[DIRECTIONS FOR THIS TASK] What are the lines, word for word, from the line with "Поддержка голосовых помощников, таких" up to and including the line with "this is a cheap" in the records below? Omit the pictures.

EXERCISE INPUTS section start

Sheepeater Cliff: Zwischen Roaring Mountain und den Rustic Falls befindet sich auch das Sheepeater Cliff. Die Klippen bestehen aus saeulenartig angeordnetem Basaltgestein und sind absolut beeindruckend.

EXERCISE INPUTS section end
EXERCISE INPUTS section start

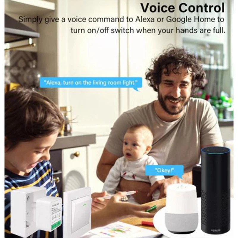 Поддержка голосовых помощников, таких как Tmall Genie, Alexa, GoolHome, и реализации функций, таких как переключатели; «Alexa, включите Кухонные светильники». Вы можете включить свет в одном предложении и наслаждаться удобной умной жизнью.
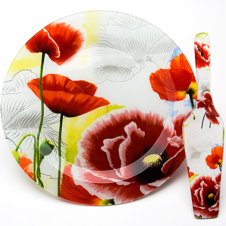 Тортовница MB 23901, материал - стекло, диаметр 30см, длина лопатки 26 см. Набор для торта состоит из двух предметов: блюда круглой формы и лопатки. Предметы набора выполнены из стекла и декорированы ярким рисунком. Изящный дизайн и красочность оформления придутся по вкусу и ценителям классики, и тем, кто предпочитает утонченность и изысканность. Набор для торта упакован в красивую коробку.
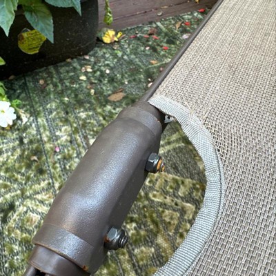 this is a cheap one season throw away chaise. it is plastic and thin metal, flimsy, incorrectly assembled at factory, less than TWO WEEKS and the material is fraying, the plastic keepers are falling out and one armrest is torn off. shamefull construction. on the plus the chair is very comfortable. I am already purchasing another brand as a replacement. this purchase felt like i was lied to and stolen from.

EXERCISE INPUTS section end
EXERCISE INPUTS section start

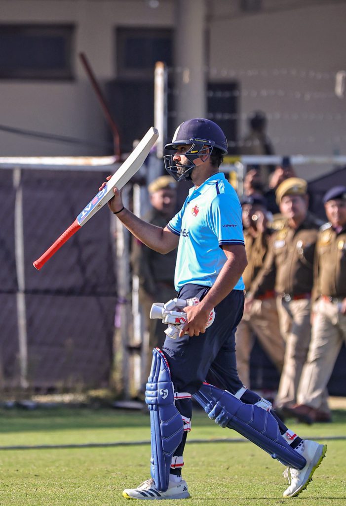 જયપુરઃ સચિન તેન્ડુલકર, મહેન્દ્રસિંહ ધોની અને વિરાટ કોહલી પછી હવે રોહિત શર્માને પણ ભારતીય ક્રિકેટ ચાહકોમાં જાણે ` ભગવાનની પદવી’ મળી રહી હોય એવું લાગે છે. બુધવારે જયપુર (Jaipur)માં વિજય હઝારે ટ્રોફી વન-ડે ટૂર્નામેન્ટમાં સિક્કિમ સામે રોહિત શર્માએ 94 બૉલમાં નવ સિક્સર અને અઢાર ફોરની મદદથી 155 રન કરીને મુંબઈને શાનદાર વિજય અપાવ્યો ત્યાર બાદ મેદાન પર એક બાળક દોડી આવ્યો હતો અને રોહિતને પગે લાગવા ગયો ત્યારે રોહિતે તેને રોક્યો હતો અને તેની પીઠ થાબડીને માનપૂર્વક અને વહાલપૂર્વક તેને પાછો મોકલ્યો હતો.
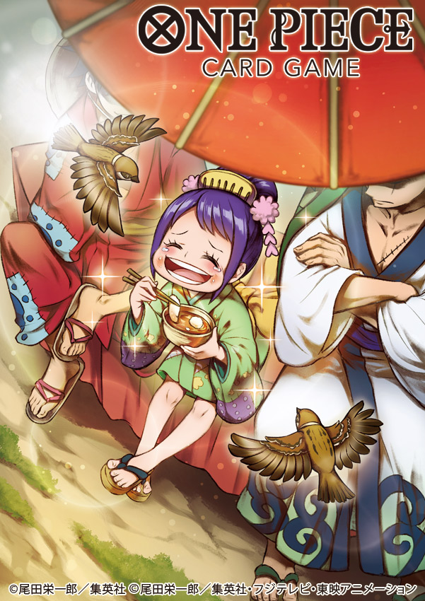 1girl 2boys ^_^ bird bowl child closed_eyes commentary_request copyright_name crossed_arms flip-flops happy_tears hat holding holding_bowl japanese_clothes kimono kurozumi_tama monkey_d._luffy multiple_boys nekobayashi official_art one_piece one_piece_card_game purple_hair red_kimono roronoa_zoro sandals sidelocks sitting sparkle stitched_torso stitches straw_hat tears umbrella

EXERCISE INPUTS section end

[SOLUTION FOR THIS TASK]
 Поддержка голосовых помощников, таких как Tmall Genie, Alexa, GoolHome, и реализации функций, таких как переключатели; «Alexa, включите Кухонные светильники». Вы можете включить свет в одном предложении и наслаждаться удобной умной жизнью.
 Тортовница MB 23901, материал - стекло, диаметр 30см, длина лопатки 26 см. Набор для торта состоит из двух предметов: блюда круглой формы и лопатки. Предметы набора выполнены из стекла и декорированы ярким рисунком. Изящный дизайн и красочность оформления придутся по вкусу и ценителям классики, и тем, кто предпочитает утонченность и изысканность. Набор для торта упакован в красивую коробку.
 this is a cheap one season throw away chaise. it is plastic and thin metal, flimsy, incorrectly assembled at factory, less than TWO WEEKS and the material is fraying, the plastic keepers are falling out and one armrest is torn off. shamefull construction. on the plus the chair is very comfortable. I am already purchasing another brand as a replacement. this purchase felt like i was lied to and stolen from.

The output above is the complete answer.